The Dragon Ball Super television series concluded in March 2018 with 131 total episodes. FUNimation owns the American distribution license for the series, with the English dub airing on Cartoon Network, and the home video release reaching its fifth box set last month. The story, script, and character designs for the Dragon Ball Super: Broly theatrical film, which opened nationwide in Japan 14 December 2018 in 2D, IMAX, and MX4D, is crafted by original manga author Akira Toriyama. The film is directed by Tatsuya Nagamine, and features animation supervision by Naohiro Shintani along with art direction by Kazuo Ogura.

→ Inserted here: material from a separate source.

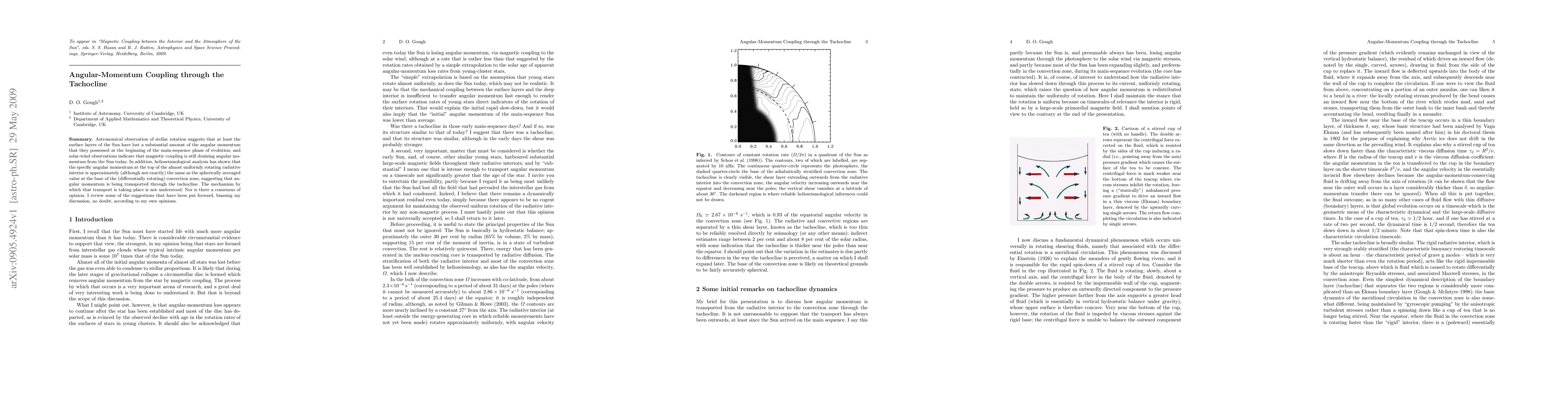 Astronomical observation of stellar rotation suggests that at least the surface layers of the Sun have lost a substantial amount of the angular momentum that they possessed at the beginning of the main-sequence phase of evolution; and solar-wind observations indicate that magnetic coupling is still draining angular momentum from the Sun today. In addition, helioseismological analysis has shown that the specific angular momentum at the top of the almost uniformly rotating radiative interior is approximately (although not exactly) the same as the spherically averaged value at the base of the (differentially rotating) convection zone, suggesting that angular momentum is being transported through the tachocline. The mechanism by which that transport is taking place is not understood. Nor is there a consensus of opinion. I review some of the suggestions that have been put forward, biassing my discussion, no doubt, according to my own opinions.
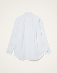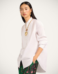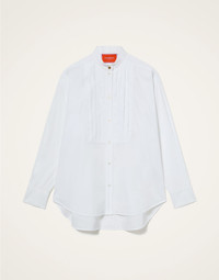 We took our sophizticated Peggy Shirt inspired by the iconic collector Ms. Guggenheim and oversized it for even more artistic flair. A take on a Tuxedo Shirt, we’ve added a boxy drop shoulder to this classic silhouette, and a high low hem for a more modern mood. Minimalists will love the two tone version, while those seeking a pop of punchy print can opt for the version with our playful geometric panel. Details & Fit - Cotton - Oversized Tuxedo Shirt - Boxy Drop Shoulder - Contrast plastron with pleats - High-low hem - 100% Made in Italy - Composition: 100% cotton - The model is 177 cm / 5′ 9.7″ tall and wears a size S

The film will receive international distribution following its Japanese debut. A world premiere was held 14 November 2018 at Nippon Budōkan with special guests including Masako Nozawa, Ryō Horikawa, Ryūsei Nakao, Bin Shimada, Katsuhisa Hoki, Tatsuya Nagamine, and Daichi Miura.
The Dragon Ball Super “comicalization” began in June 2015, initially just ahead of the television series, and running both ahead and behind the series at various points. The manga runs monthly in Shueisha’s V-Jump magazine, with the series’ forty-third chapter coming earlier this week in the magazine’s February 2019 issue. Illustrated by “Toyotarō” (in all likelihood, a second pen-name used by Dragon Ball AF fan manga author and illustrator “Toyble”), the Dragon Ball Super manga covered the Battle of Gods re-telling, skipped the Resurrection ‘F’ re-telling, and “charged ahead” to the Champa arc for further promotion. Though the television series has completed its run, the manga continues onward telling its own version of the existing story, now entering its own original “Galactic Patrol Prisoner” arc. Viz is currently releasing free digital chapters of the series, and began their own collected print edition early last year. The fourth collected volume is due in English from Viz this coming January, while Shueisha released the eighth collected volume in Japan this month.